カアリイ そうですよね。でも、別に私、おしゃれじゃないから。こういった形でやれる方が自分にとっては自然。丹治くんの曲は好きなんで。

―― 今までいろんなプロジェクトがあったと思うんですが、その中でエスエフはどう評価しますか?

カアリイ 一番自分らしいかも知れないですね。小西さんの持っている世界って、私が普通に生きてきた中ではひとつもなかった世界だから。まったく別世界にボンと入れられて、最初のうちは自分のこのキャラが出たらぶち壊しだから、ライブでもMCが全然できなくて。

小西康陽さんの世界をどう表現したら良いか、初めは分からなかったという野本さん

―― あれっ、そうだったんですか?

カアリイ だって、小西さんと最初に会ったときは、ヒステリックグラマーを着て、こーんな頭して。向こうからしてみれば「ルックスはタイプだけど、その服なに?」 みたいな。途中から小西さんが「自分を出していいよ」みたいなことを言って下さって、急にブログ始めたりとか、DJ始めたりとかしたんですけど。

キャプミラ あ、そうそう、カアリイはアナログ盤でDJやっているんですよ。

カアリイ レコードしか触れないんです。それで途中からは自分らしくやらせてもらったり、PVもこういうのどうですか? と提案してみたり。でもそれは小西さんの世界をある程度把握した後だったんで、その上で参加するという感じだったかな。

―― キャプミラさんの曲が殿堂入りしないのは、自分の音楽体験に忠実でウソをつけないというか、曲がボカロ向きじゃないところもある。そういう意味でも理想的なボーカリストを見つけてきたなと思いました。一曲目の「プロペラソング」なんかは、声の質だけでもっていけてるし。

カアリイ 褒めてもらった!

キャプミラ 一曲目はカアリイのイメージで作ったし、ブレてないよね。こういった淡々とした曲は人間じゃないと成り立たないんですよ。

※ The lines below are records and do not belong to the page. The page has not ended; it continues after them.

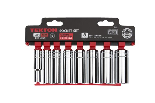 TEKTON 3/8-Inch Drive Deep Socket Set, Metric, Cr-V, 10 mm - 19 mm, 8-Sockets | 1240
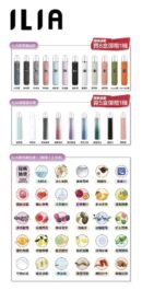 口味: 菸草 可爾必思 芒果 芭樂 西瓜 荔枝 葡萄 白桃烏龍 波羅 哈蜜瓜 薄荷 老冰棍 綠豆 可樂 龍井 百香果 草莓 冰泉 藍莓 蘋果 海鹽 莓果 黑松沙士 奇異果 寶礦力 雪碧 鐵觀音 南極 蜜桃
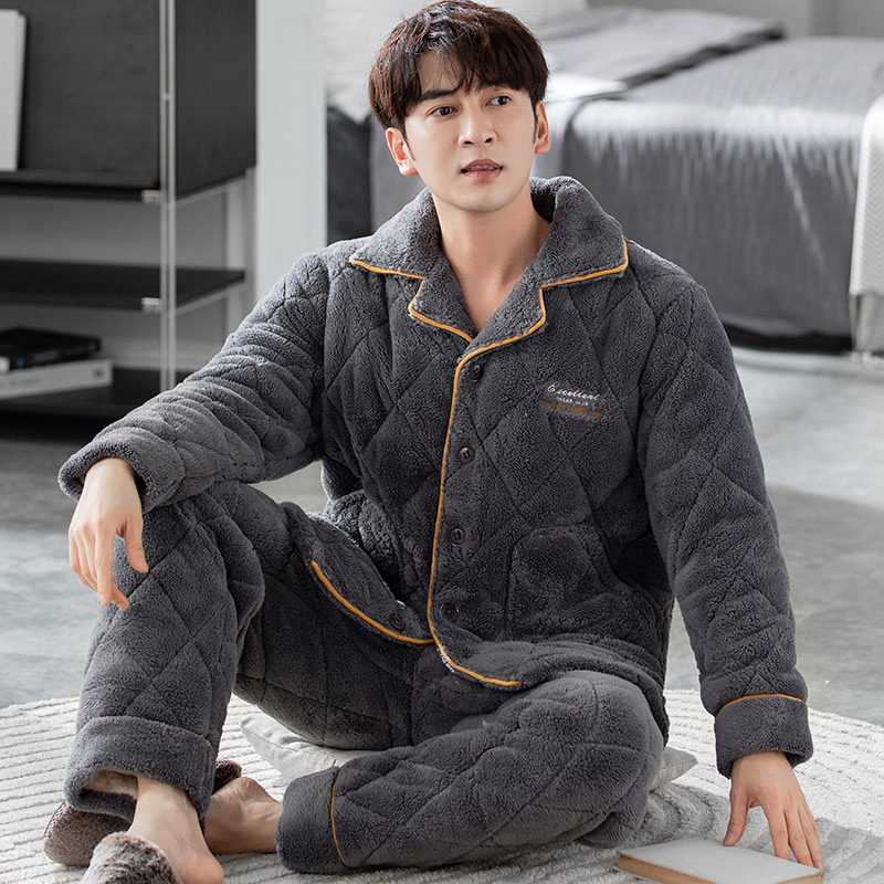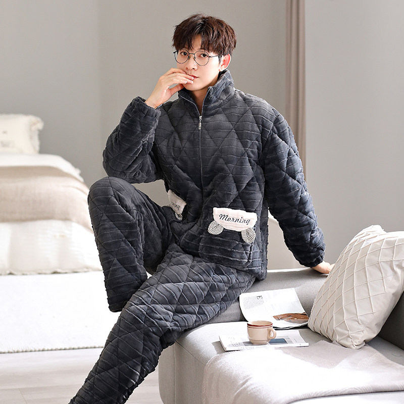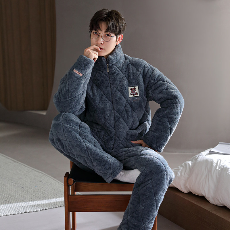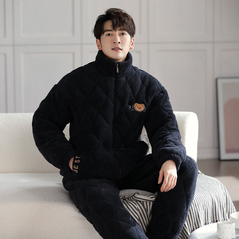 婷美男士睡衣冬季珊瑚绒三层加绒加厚夹棉秋冬天可外穿家居服套装
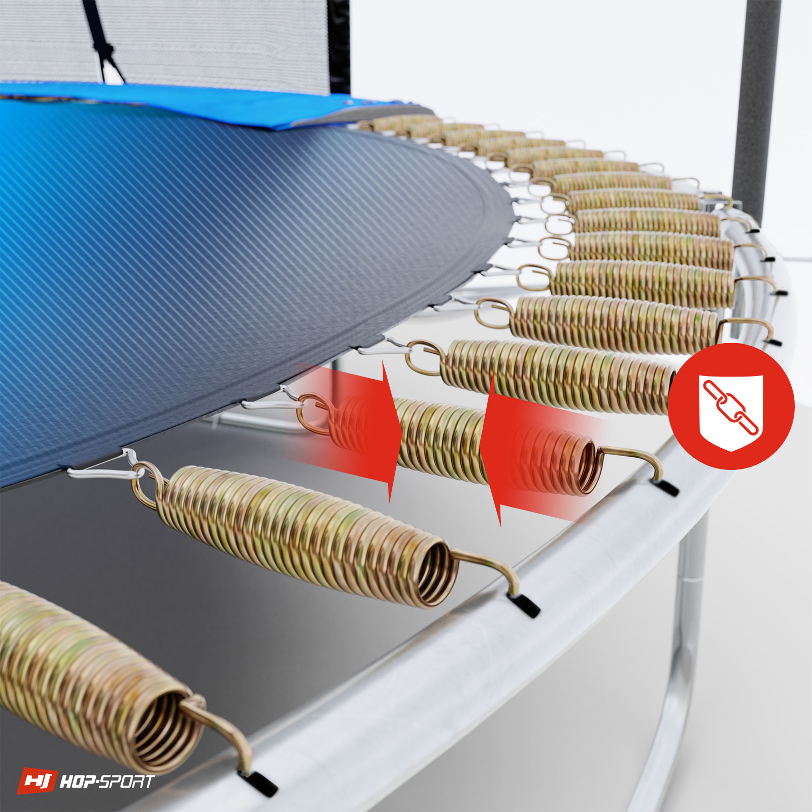 Пружины присоединяются к полотну при помощи треугольных карабинов на петле, каждая из которых прострочена 8-ю плотными фабричными швами, что полностью защищает от разрывов в местах крепления пружин.
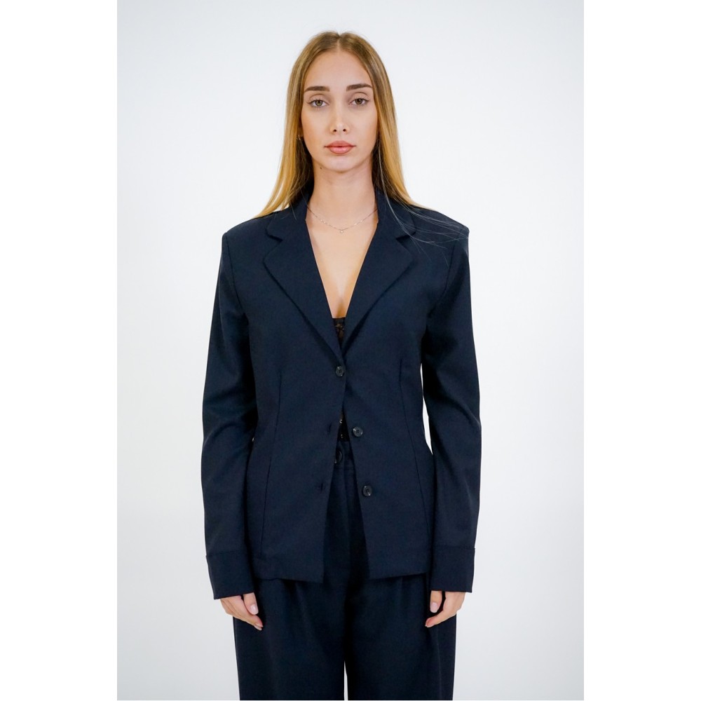 Haveone women's jacket, single-breasted, lace detail on the back, slim fit. The model is wearing size XS.
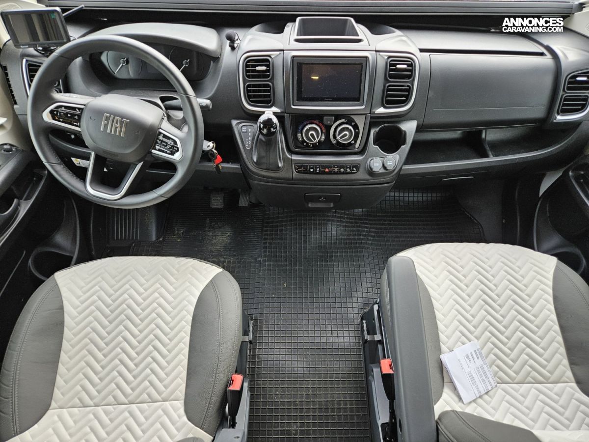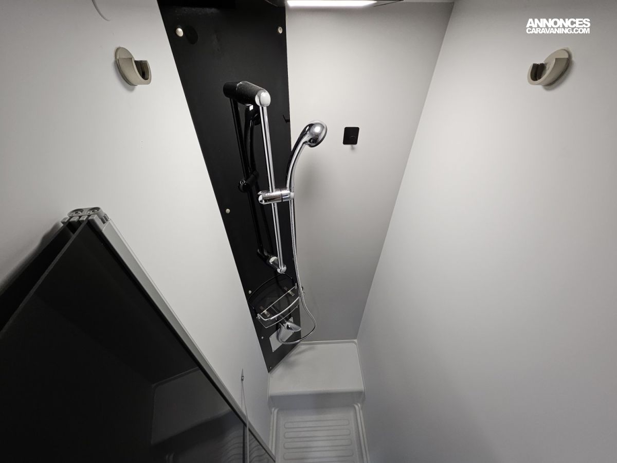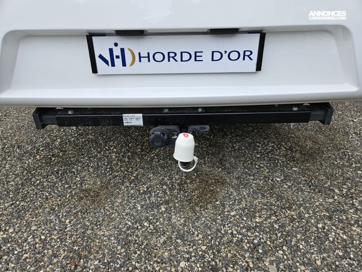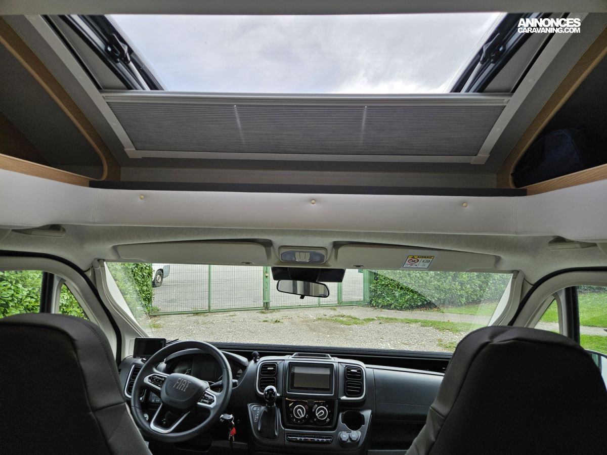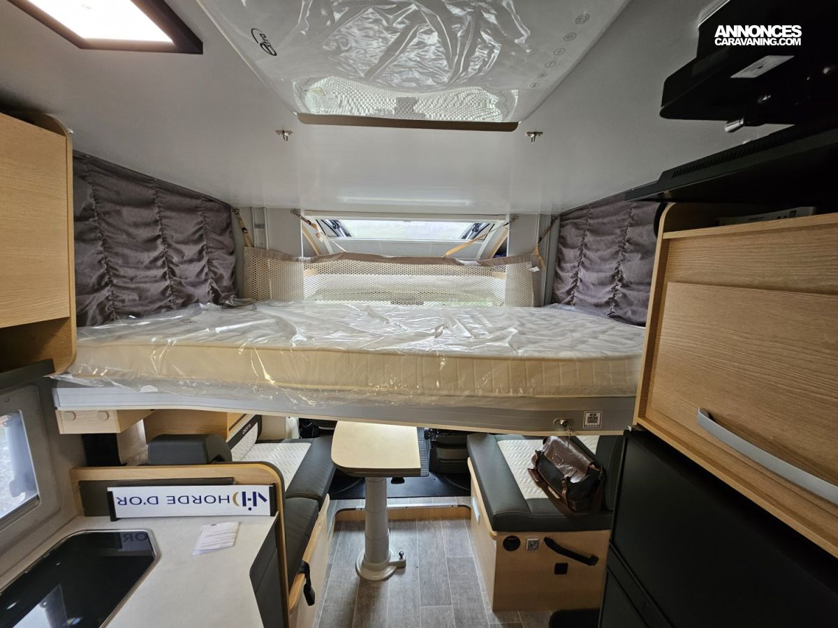 D'une longueur de 7,45 mètres, il offre un lit central à l'arrière, un lit pavillon électrique 2 places à l'avant et un couchage simple sur la dinette, une salle de bain avec douche séparée et un grand espace de vie.
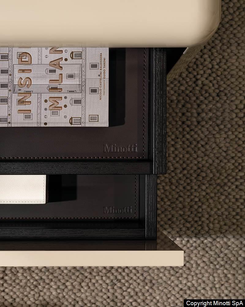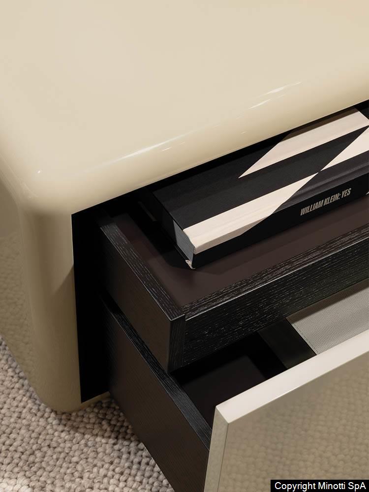 Fill床头柜与卧室收纳家具系列延续了同名边几系列的设计风格,采用无棱角的一体式造型加以呈现。 家具配有主抽屉,内部设有隐藏式小抽屉,用于收纳小物件,两者均采用皮革覆层,有不同颜色的漆面可供选择。 Fill家具作品的简约造型呈现出雕塑般的美感,光线在漆面上流转,营造出丰富的层次与光影变化。
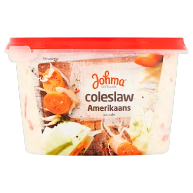 Ingrediënten: 50% witte kool, koolzaadolie, water, 6% wortel, ui, suiker, natuurazijn, bieslook, gepasteuriseerd EIGEEL, zout, gemodificeerd zetmeel, verdikkingsmiddelen (guarpitmeel, xanthaangom), conserveermiddelen (kaliumsorbaat, natriumbenzoaat), specerijen (MOSTERD), antioxidanten (ascorbinezuur, citroenzuur), gistpoeder, voedingszuur (azijnzuur). Kan sporen bevatten van gluten, melk, noten, pinda's, sesamzaad, schaaldieren, selderij, soja en vis.

1曲目「プロペラソング」は野本さんに“人間の声”で歌ってもらわなければ成立しないというキャプミラさん

カアリイ この曲はすごくいい曲だし、自分に合わせて作ってくれたなというのは、すごく分かるので。

キャプミラ ちょっとぶっきらぼうに歌っていても情報量はあるんで、オケはものすごく抑えているんです。ボーカロイドだともっと派手にしないと間が持たないけど、カアリイの声に合わせていくと自然とそうなっていく。ボーカロイドって歌とリズムだけだと持たない、インストルメンタルミュージックとして捉えたオケじゃないと、成り立たないんですよね。

Image from Amazon.co.jp
International Deejay Gigolo...

カアリイ このために、私の歌ったいろんな曲を渡して。昔、テクノのクラブで遊んでいた時に知り合った、Zombie Nationっていうドイツ人ユニットの片割れと作った日本語の曲とか。それで今回のプロペラソングを作ってくれて、私の声質を把握してくれた作りだったんで、ものすごくスムースだった。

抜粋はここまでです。